I have a situation here, while not exactly a Dani, something VERY fucked up is going on and I don't know what to do. This is something that I've been worried about and working on for FOUR YEARS NOW!
New neighbors moved in across the street maybe 12 years ago. We knew they had a teen and a younger boy, we saw them come and go, once in a while cut the grass, etc. Imagine our surprise when, 4 years ago, a 6 six year old girl emerged from the house and began going to kindergarten at the same school my granddaughter attends. WHOA! What? Where did SHE come from? Now I didn't really know these parents, except to say hello, they really kept to themselves, but I couldn't help myself. The second week of school I walked over to the mom and said, "Hi! I see you have a little girl living with you now. Maybe we can arrange a playdate with my granddaughter one weekend." She said, "Oh, that's my youngest daughter. We are very protective, so I don't feel comfortable with her going out and playing in the neighborhood right now, maybe when she's a little older."
So okay, maybe she's just a little over-protective. It was VERY strange that NONE of the neighbors had ever seen this girl before (I asked them all!), or knew that she was born while they were living here. Never saw her go with them when they went grocery shopping, or to visit relatives, or any of the many, many times they went in and out of the house and I was out front, playing with and watching my granddaughter and her friends.

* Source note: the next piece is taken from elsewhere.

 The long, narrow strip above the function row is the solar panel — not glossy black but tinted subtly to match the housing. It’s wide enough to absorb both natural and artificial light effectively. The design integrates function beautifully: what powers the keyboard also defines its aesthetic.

So now I began to pay attention very closely. For that entire first year I would see them take her to school, pick her up, but NEVER would we see her any other time. Then school let out and summer was in full swing. My granddaughter pointed her out to me that first time -- there was the little girl, Sue, in an upstairs window. My granddaughter waved to her and indicated for her to come join them in play. Sue disappeared for a minute, came back to the window crying, she wasn't allowed out.
This went on for several more weeks, until one day I went and knocked on the door and asked if Sue could come out to play. I explained that I'd be right there, and we could stay right in their front yard if that made them comfortable -- again, I got the 'over-protective' story. Nope, not even for 10 minutes.

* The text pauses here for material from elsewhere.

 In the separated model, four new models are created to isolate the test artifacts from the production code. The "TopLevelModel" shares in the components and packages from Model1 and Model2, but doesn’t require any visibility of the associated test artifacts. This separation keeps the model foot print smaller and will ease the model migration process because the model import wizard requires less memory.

So I went inside and called child welfare and expressed my concerns. They took a report. I saw a strange car at their house the next day. And nothing happened.
My granddaughter is now friends with Sue. But ONLY at school. They eat lunch together and play at recess. But when my g-daughter asks Sue to play after school Sue gets sad and says she's not allowed. She says her parents are mean, she says she doesn't have even one toy. My granddaughter gave Sue a doll at school, but Sue gave it back the next day. Sue said her mother said to return it. My granddaughter said it's a Christmas present. Sue said they are Muslim, they don't celebrate.
So now I call child welfare every couple of months. I've also called the police and the social worker at school. NOTHING is done. NOTHING. This child is now in 3rd grade and I don't believe she's ever played outside other than one week when her (now adult) sister came to visit and she brought her outside, OFTEN and told me that her parents objected, but that she did it anyway. She (the sister) said she has NO idea why her parents are so mean to Sue, but she lives in Italy now and there's not much she can do.
Sue always has on clean clothes, her hair is done neatly. But she's SO SO SO sad. She's at that damned window, crying, just about every time the kids are outside now. She told my g-daughter that her mother caught her at the window a couple times and punished her, so she has to be careful and asked us not to wave at her or anything so they don't know.
I'm sorry this has gotten so long and so off-topic, but does anyone have any other ideas?
I don't know what else to do? I now have a camera trained on their house, I'm hoping they do something, ANYTHING that gives me cause to call the police so they have a reason to enter that house and find out what's going on!